Over the recent years, Kenya National Bureau of Statistics (KNBS) has released annual data on “Gross County Product (GCP)” which is simply the Gross Domestic Product (GDP) of counties.
The report was funded by the World Bank. It tracked the value of all the final goods and services produced in each of the 47 counties, with a view to providing a picture of the economic structure and relative size of the economy for each county.
KNBS ranked the counties based on various aspects such as physical development, nutrition, health, education, child protection, information, water, sanitation and housing.
The data is also used by the national government in the distribution of revenue to the devolved units.
Based on the data provided by KNBS in 2019 and 2020, Nairobi City County is bar the richest county in Kenya.

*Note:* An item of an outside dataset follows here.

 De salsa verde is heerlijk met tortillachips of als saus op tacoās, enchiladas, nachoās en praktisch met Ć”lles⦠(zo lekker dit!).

In August 2020, KNBS ranked Meru, Nyeri and Kirinyaga as joint second richest counties in Kenya. Most of the population in these counties can comfortably fend for themselves.

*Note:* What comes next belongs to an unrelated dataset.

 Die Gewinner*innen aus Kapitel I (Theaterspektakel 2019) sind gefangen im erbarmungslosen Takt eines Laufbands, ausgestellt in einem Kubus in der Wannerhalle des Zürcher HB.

Based on county contributions to the country’s GDP, Nairobi is by far the largest contributor at 21.7 per cent.
In 2019, Nakuru County contributed 6.1 percent share of the GDP, Kiambu (5.5 per cent), Mombasa (4.7 per cent) and Machakos (3.2 per cent) to close out the top five.
To wind up the top ten contributors in terms of GDP, Meru contributed 2.9 percent, Kisumu (2.9 per cent), Nyandarua (2.6 per cent), Kakamega (2.4 per cent) and Uasin-Gishu (2.3 per cent).
Bungoma, Tharaka Nithi, Nyandarua, Elgeyo Marakwet, Siaya and Nyeri are among the fastest growing counties in per capita GCP.
Turkana was ranked among the poorest counties in the country. Four in five people are poor. Those in the urban parts of county spend less than Ksh5,995 in a month, while those in rural areas earn less than Ksh3,252 per month.